Two Halves, Equal Partners
Today, Winnie and her husband, Jack, feel proud of overcoming challenging times. Doting parents to four, they have achieved what any parent would want – food security and the economic means to build a bright future for their children. But achieving this was not a one-person job; it took the combined efforts and hard work of two enterprising individuals.

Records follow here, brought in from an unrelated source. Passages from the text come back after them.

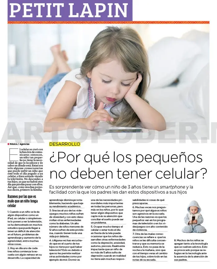 5. Ocupar mucho tiempo el celular o estar todo el día en frente de la tele puede ocasionar que los niños desarrollen otras enfermedades como la depresión, ansiedad, autismo, psicosis. Realmente impactante que un niño de no más de 5 años sufra de depresión cuando en realidad no tiene aún muchas responsabilidades ni cosas de qué preocuparse.
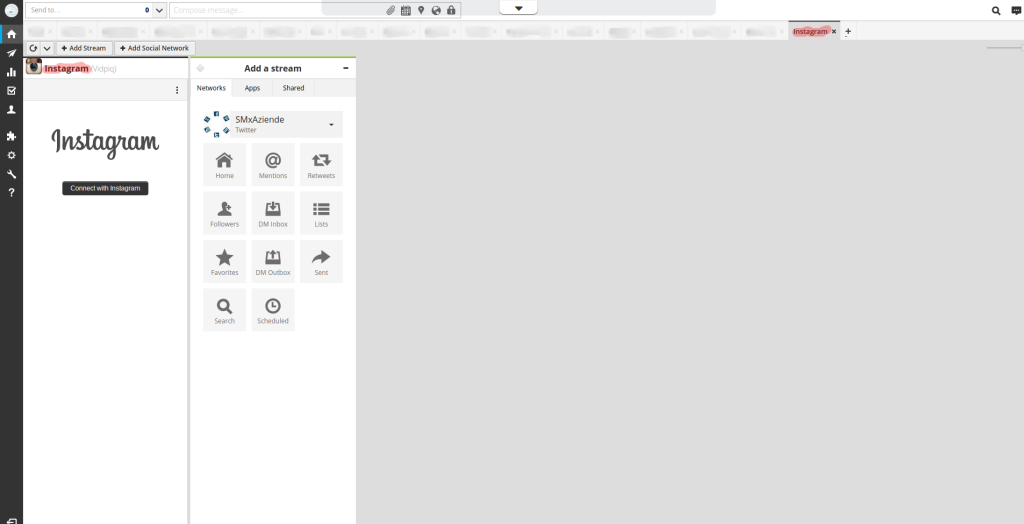 Se guardiamo bene, a prima vista l’offerta di canali social gestibili con la piattaforma probabilmente è un po’ limitata.
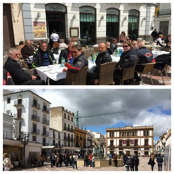Pian oltiinkin jo Rondassa jossa söimme lounaat tyylikkäästi Plaza de Socorrolla arvaillen lähestyvien sadepilvien suuntaa. Ruokailun jälkeen tarkastimme uuden sillan, Puente Nuovon, joka nyt ei aivan upouudeksi osoittautunutkaan. Tuskin tänä päivänä kukaan näkisi moista vaivaa yhden sillan rakentamisen takia, näky on varsin puhutteleva. Silta on kuulemma menossa käyttökieltoon tai saamassa ainakin käyttörajoituksia espanjalaisen insinööritaidon puutteiden takia, sillä 1700 luvun insinöörit eivät olleet osanneet laskea liikennemäärien kasvua oikein ja nyt silta alkaa väsymään.
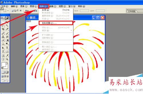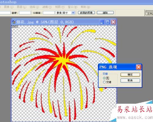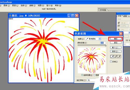 2、點擊菜單“選擇”——“色彩范圍”,在“色彩范圍”的對話框中選擇“取樣顏色”,顏色容差200,然后點擊選擇圖片的白色部分,點擊確定。再按鍵盤上的“Delete”刪除鍵,去除白色背景,再點擊菜單“文件”——“保存為”png格式,選擇“png選項”交錯“無”點擊確定。我們的煙花素材就制作完成了。
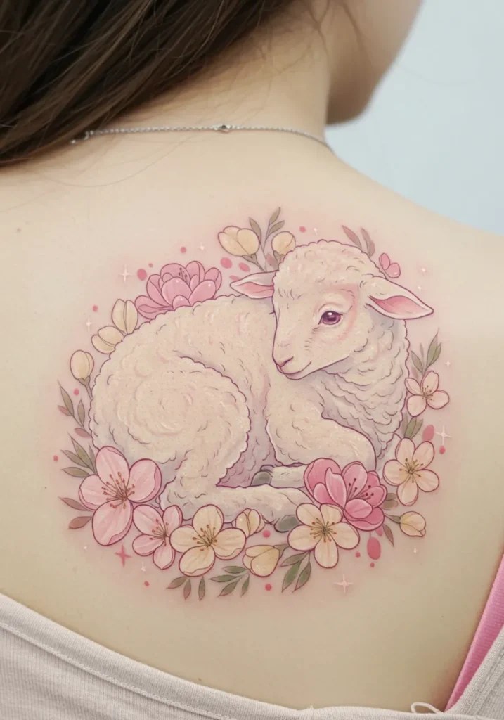 This dreamy upper back tattoo features a soft, fluffy lamb nestled in a wreath of pastel pink and yellow blossoms. The linework is delicate, and the lamb s gentle eyes make it look like it s straight out of a storybook. The soft shading, little sparkles, and cozy floral arrangement make everything feel calm, sweet, and almost magical.
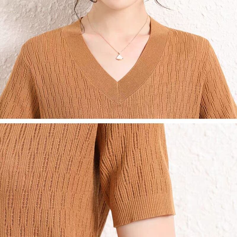 送料無料 LJSXLS 半袖 Tシャツ女性 2023 夏服 Tシャツ V ネックニットトップス Damskie Tシャツ Camiseta ショート ハーフスリーブ サマー 夏物 Vネック AE1212887772467846957
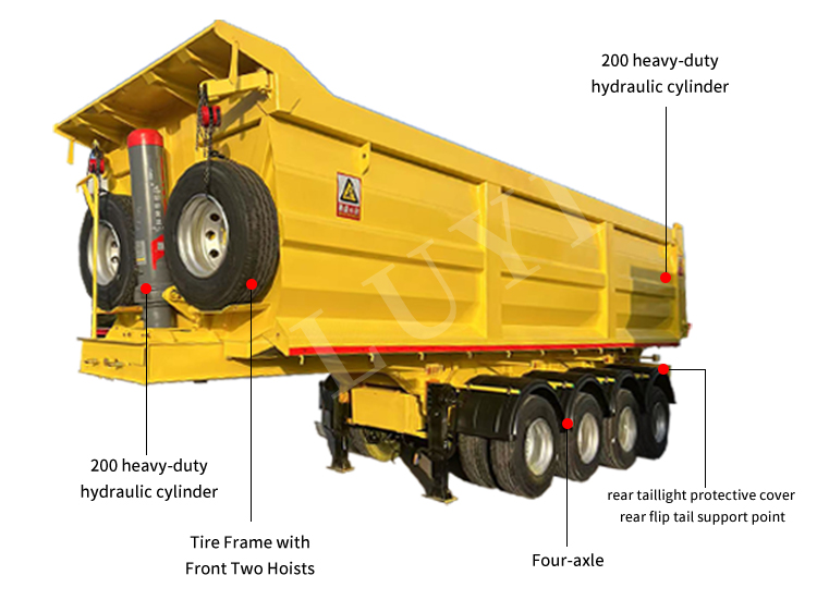 中国の高品質製造拠点である山東省で生まれた LUYI 4 軸リアダンプセミトレーラーは、バルク貨物の重量輸送に適した高効率装置です。高張力鋼で作られており、耐久性と耐荷重安定性を兼ね備えており、最大積載量 80 トンを誇り、積載能力 60 ~ 80 トンで完全な作業条件に適応します。石炭、砂、鉱石などのバルク品の長距離輸送に広く適しています。
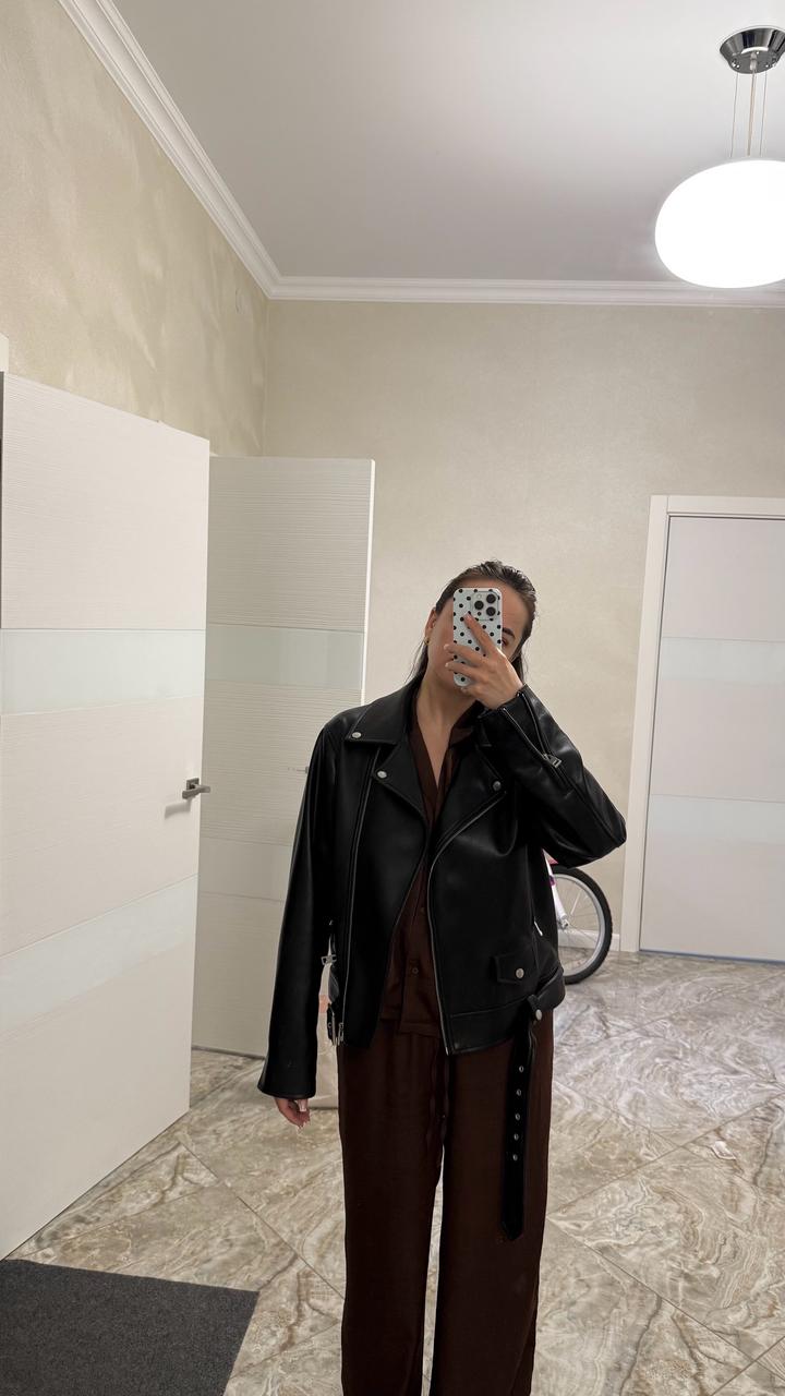 Черная косуха уже классика, нужна в любом гардеробе, в отличном состоянии, экокожа качественная не хуже натуральной, размер указан S, я ношу L и мне нормально в ней тоже Артикул: 596387

Not long ago, they struggled to meet the most basic needs. As subsistence farmers, they were sometimes forced to go hungry without food or income. In addition to supporting three children, they were trying their best to fulfil their growing toddler’s nutritional needs. “One of our biggest problems was running out of food. We suffered from hunger often, especially during the dry seasons,” Jack shares. To meet his family’s needs, Jack tried securing a job in the capital of Uganda, Kampala, while Winnie stayed back and took care of the children and household chores. After several attempts that did not bring back enough income, Jack returned to his village, Kitwaulira, in time to participate in Raising The Village (RTV) ‘s program launch and participate in the consultation process. Jack and Winnie, with the rest of the community members in Kitwaulira, brought forth the issues preventing them from investing more time in income-generating activities.
Lack of know-how, income diversity, access to essential services and food security were common denominators between Kitwaulira and other last-mile communities in Sub-Saharan Africa. RTV’s approach that drives and diversifies agricultural income enables participation by addressing barriers and promotes sustainability through equitable local leadership fit the community’s needs well. As active partners, members of Kitwaulira created a roadmap with RTV, formed local committees on agriculture and livestock management and started building their pathway out of poverty.

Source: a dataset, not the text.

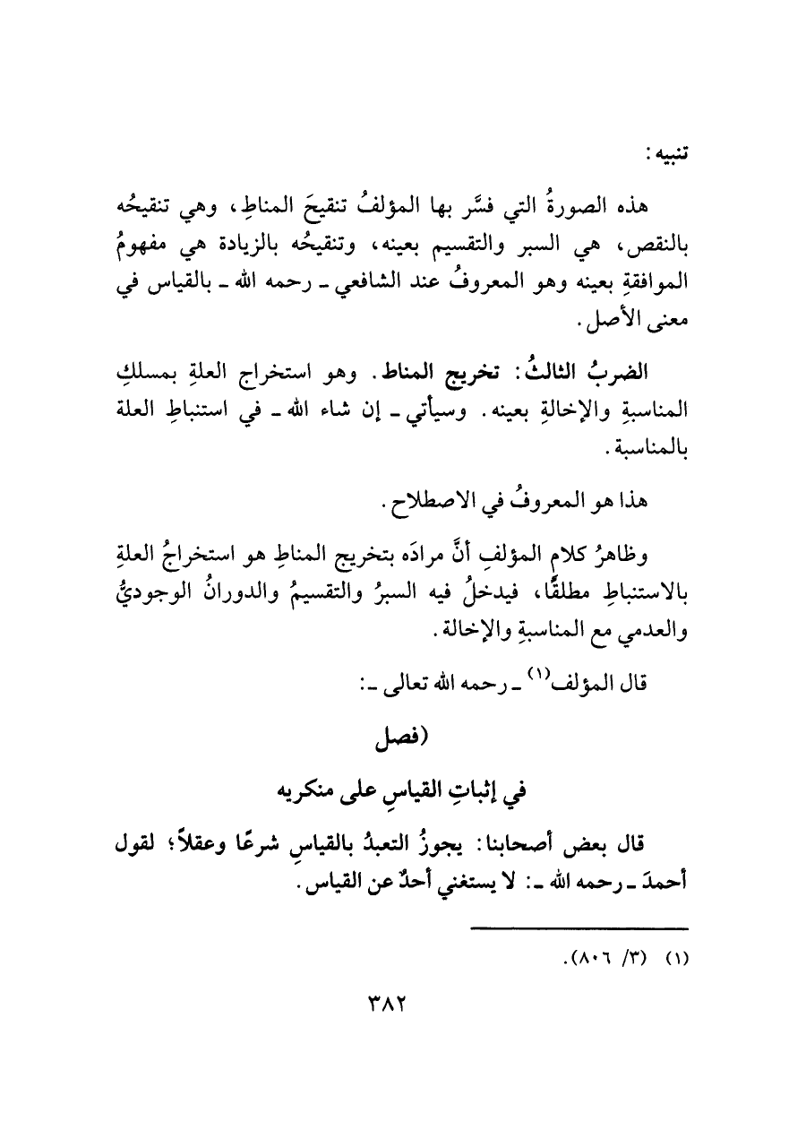 الضربُ الثالثُ: تخريج المناط. وهو استخراج العلةِ بمسلكِ المناسبةِ والإخالةِ بعينه. وسيأتي -إن شاء اللَّه- في استنباطِ العلة بالمناسبة.

Winnie and Jack participated in training on Good Agronomic Practises (GAP) and learned modern farming techniques, including planting vegetable gardens to fulfil household nutritional needs. They also learned about raising livestock and received good-quality seeds and technical assistance. They planted a compound garden and started growing their own vegetables. Winnie began to invest her time managing the vegetable garden, with Jack pitching in and applying newly learned techniques to their farm. After a while, the garden fulfilled their family’s nutritional needs and brought in additional income from surplus produce. “In the past, I had to wait for my husband’s visits to Kampala to make some income, but now, our farm, livestock projects and compound gardens provide us with food and income,” Winnie said.

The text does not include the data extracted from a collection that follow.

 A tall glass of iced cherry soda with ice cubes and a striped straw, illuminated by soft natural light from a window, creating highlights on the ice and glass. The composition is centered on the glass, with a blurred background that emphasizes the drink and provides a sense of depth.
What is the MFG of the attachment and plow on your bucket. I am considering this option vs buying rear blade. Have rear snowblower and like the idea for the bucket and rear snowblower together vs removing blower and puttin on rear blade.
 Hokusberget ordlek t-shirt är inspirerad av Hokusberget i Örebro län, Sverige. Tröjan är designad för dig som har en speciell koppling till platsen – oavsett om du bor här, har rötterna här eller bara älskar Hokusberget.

In addition to agricultural techniques, they also learned about financial literacy and budgeting and gender equality. The community members established a Village Savings and Loan Association (VSLA) to pool savings and self-fund community projects. Winnie and Jack joined the VSLA to save their surplus income and access credit and decided to buy livestock. We saved money in our VSLA and then were able to buy a sheep that has had two lambs so far. To us, this is a footstep towards our enterprise”, Jack mentions.
Six months after the beginning of the joint project, the community formed various local committees to pool knowledge and guide fellow members on agriculture techniques, livestock, joint, women and youth-headed VSLAs and set their own goals for community development projects. Encouraged by improved productivity in the farm, garden and livestock business, Winnie and Jack, too, planned their next steps to build assets further. “We plan to buy more land, plant more crops and build a better house from our earnings,” says Winnie.
While Winnie and Jack are proud of what they have achieved and the foundation they have laid, they are prouder of how they did it – together as equal partners working in tandem. And with lots more to be done, they plan to keep doing it together.